The mysql output array I have taken as follows,
$connect = mysqli_connect("localhost", "root", "", "newbooks");
$query = "SELECT book_name FROM takenbooks order by ID DESC";
$result = mysqli_query($connect, $query);
while( $row = mysqli_fetch_assoc( $result)){
$avail_books[] = $row['book_name']; // Inside while loop
}
Now I need to check whether user have entered any book from which included in above array.So I have implemented as below.
$(document).ready(function(){
$('#insert_form').on("submit", function(event){
event.preventDefault();
$('#book_name').val()=$book_required;
if(in_array($book_required,$avail_books))
{
alert("Not Available");
}
else{
$.ajax({
url:"books.php",
method:"POST",
data:$('#insert_form').serialize(),
beforeSend:function(){
$('#insert').val("Inserting");
},
success:function(data){
$('#insert_form')[0].reset();
$('#add_data_Modal').modal('hide');
$('#employee_table').html(data);
}
});
}
}
}
But this is not working. Can someone show where I have messed this?
There can be other ways to accomplish what you want.

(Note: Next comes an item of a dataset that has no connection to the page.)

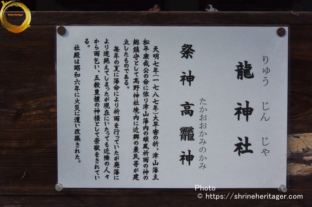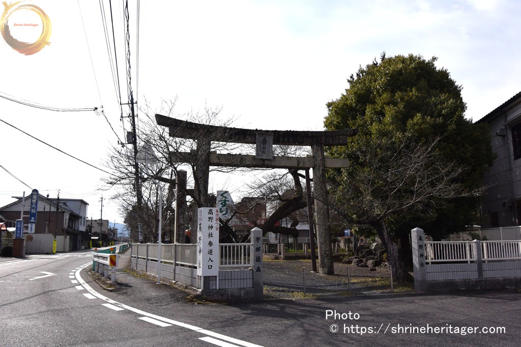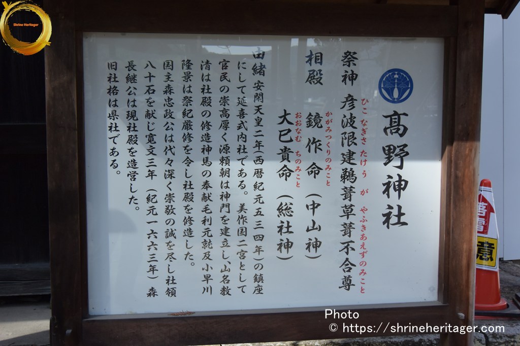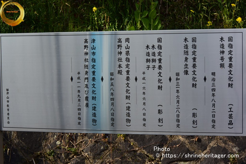 「貞觀十七年三月二十九日壬子晦、授ニ 美作國從五位上 高野神 正五位下、」社領は慶長九年三月森忠政三十石を寄附し、同年九月十七石に加増し、寛永十二年正月 森長繼更に十石を加増せり(作陽誌)、神體は木像とす、明治六年縣社に列す。

For example, use the following query:
SELECT count(*) FROM takenbooks where book_name = ?
But for How to check whether a text variable is equal to an Array and based on your original code, the normal way will be to pass the user input data (I believe is $('#book_name').val()) thru ajax to a PHP file to check whether this data is in the array , then return the result back (or do further processing)
For the HTML
<script
src="https://code.jquery.com/jquery-3.6.0.js"
integrity="sha256-H+K7U5CnXl1h5ywQfKtSj8PCmoN9aaq30gDh27Xc0jk="
crossorigin="anonymous"></script>
<form id=insert_form>
<input type=text id="book_name">
<input type=submit>
</form>
<script>
$(document).ready(function(){
$('#insert_form').on("submit", function(event){
event.preventDefault();
$.ajax({
type: "POST",
url: 'checkdata.php',
data: {data1: $('#book_name').val()},
success: function(data){
alert(data);
},
error: function(xhr, status, error){
console.error(xhr);
}
});
})
})
</script>
For the PHP (checkdata.php)
<?php
if (isset($_POST["data1"])){
$connect = mysqli_connect("localhost", "root", "", "newbooks");
$query = "SELECT book_name FROM takenbooks order by ID DESC";
$result = mysqli_query($connect, $query);
while( $row = mysqli_fetch_assoc( $result)){
$avail_books[] = $row['book_name']; // Inside while loop
}
if(in_array($_POST["data1"],$avail_books)) {
echo "Not Available";
} else {
// Place insert query here
echo "New Record inserted";
}
}
?>
You can first get the list of books once, then write a Javascript array from which to search for the entered book name. (This may not be practical if the list of books changes quite often, or the list is extremely long.)
<?php
$connect = mysqli_connect("localhost", "root", "", "newbooks");
$query = "SELECT book_name FROM takenbooks order by ID DESC";
$result = mysqli_query($connect, $query);
$avail_books = [];
while( $row = mysqli_fetch_assoc( $result)){
$avail_books[] = $row['book_name']; // Inside while loop
}
?>
<!DOCTYPE html>
<html>
<body>
<form id="insert_form">
Book name: <input type="text" name="book_name">
<input type="submit" value="Check for availability">
</form>
<div id="available"></div>
<script>
const avail_books = <?php json_encode($avail_books); ?>;
document.querySelector('#insert_form').addEventListener(function (evt) {
evt.preventDefault();
let book_name = evt.target.book_name.value;
let not_available = (-1 === avail_books.indexOf(book_name))? 'not': '';
document.querySelector('#available').innerHTML = book_name + " is " + not_available + " available.";
});
</script>
</body>
</html>
PHP, on the server, gets the books and stores the list in a PHP array. And when writing out HTML and Javascript use PHP to write out a Javascript avail_books array containing the book names retrieved from the database.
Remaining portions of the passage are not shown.